■ DATASET
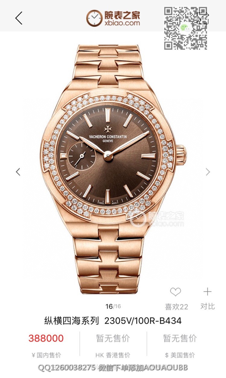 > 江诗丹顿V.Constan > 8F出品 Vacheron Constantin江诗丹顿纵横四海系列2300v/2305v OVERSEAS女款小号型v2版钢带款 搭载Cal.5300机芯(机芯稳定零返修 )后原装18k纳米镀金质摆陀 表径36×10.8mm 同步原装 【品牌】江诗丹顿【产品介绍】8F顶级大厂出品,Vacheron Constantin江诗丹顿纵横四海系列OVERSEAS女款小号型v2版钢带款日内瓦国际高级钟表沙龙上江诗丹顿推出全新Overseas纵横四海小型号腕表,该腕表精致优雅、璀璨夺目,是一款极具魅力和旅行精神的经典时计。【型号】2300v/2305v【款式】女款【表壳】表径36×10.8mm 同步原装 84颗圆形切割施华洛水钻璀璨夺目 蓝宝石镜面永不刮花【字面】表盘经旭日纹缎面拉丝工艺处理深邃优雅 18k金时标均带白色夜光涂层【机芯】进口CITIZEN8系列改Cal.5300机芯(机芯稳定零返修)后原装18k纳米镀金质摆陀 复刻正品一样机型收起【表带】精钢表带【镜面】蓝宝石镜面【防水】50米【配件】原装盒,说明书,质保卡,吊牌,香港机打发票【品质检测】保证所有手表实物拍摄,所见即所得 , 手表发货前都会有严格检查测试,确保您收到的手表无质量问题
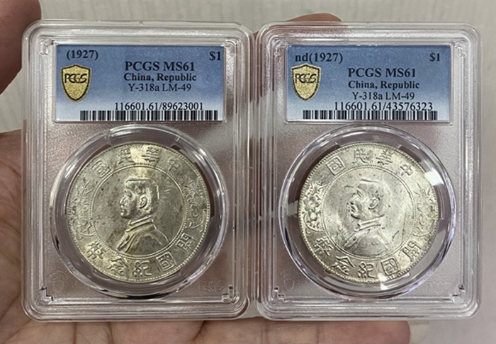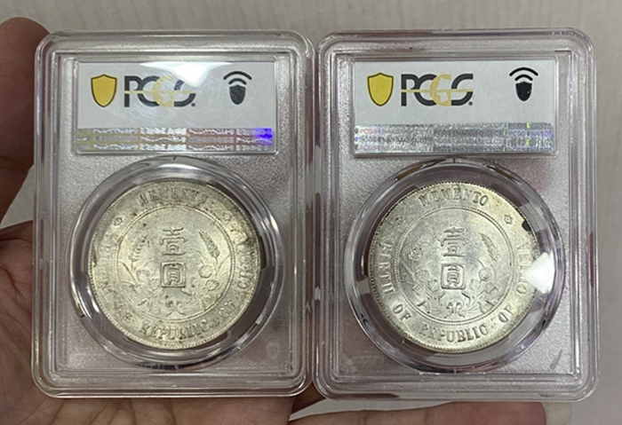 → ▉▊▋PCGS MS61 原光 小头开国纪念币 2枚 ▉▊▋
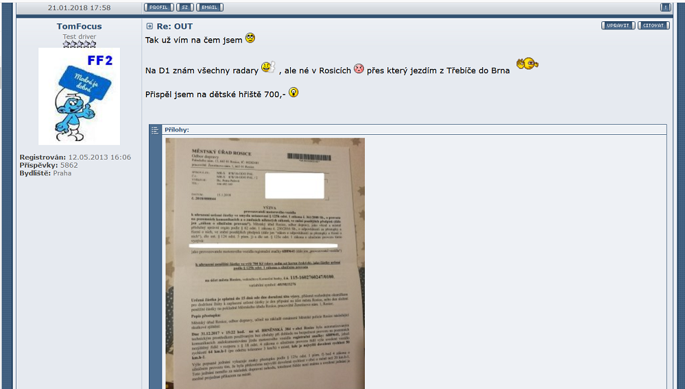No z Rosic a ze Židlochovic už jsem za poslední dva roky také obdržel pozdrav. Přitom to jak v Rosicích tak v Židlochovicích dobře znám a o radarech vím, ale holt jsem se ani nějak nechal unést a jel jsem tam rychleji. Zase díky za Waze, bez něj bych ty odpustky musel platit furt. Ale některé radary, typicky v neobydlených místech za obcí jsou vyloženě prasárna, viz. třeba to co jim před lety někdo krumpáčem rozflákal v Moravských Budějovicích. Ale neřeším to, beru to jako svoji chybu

==

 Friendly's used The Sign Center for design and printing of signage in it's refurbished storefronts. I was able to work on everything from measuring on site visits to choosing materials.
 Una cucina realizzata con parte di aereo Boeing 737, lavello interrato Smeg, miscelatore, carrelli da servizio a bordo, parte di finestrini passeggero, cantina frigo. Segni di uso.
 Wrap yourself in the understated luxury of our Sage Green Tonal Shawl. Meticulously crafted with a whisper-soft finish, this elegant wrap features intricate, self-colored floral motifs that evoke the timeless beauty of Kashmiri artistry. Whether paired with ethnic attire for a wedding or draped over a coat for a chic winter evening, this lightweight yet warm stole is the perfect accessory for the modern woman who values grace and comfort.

■ ABOUT THIS TASK
An exact copy of the lines above from the one with "小头开国纪念币 2枚 ▉▊▋" up to and including the one with "No z Rosic a" is required; reproduce only those lines, omitting all pictures.

■ EXERCISE ANSWER
 → ▉▊▋PCGS MS61 原光 小头开国纪念币 2枚 ▉▊▋
No z Rosic a ze Židlochovic už jsem za poslední dva roky také obdržel pozdrav. Přitom to jak v Rosicích tak v Židlochovicích dobře znám a o radarech vím, ale holt jsem se ani nějak nechal unést a jel jsem tam rychleji. Zase díky za Waze, bez něj bych ty odpustky musel platit furt. Ale některé radary, typicky v neobydlených místech za obcí jsou vyloženě prasárna, viz. třeba to co jim před lety někdo krumpáčem rozflákal v Moravských Budějovicích. Ale neřeším to, beru to jako svoji chybu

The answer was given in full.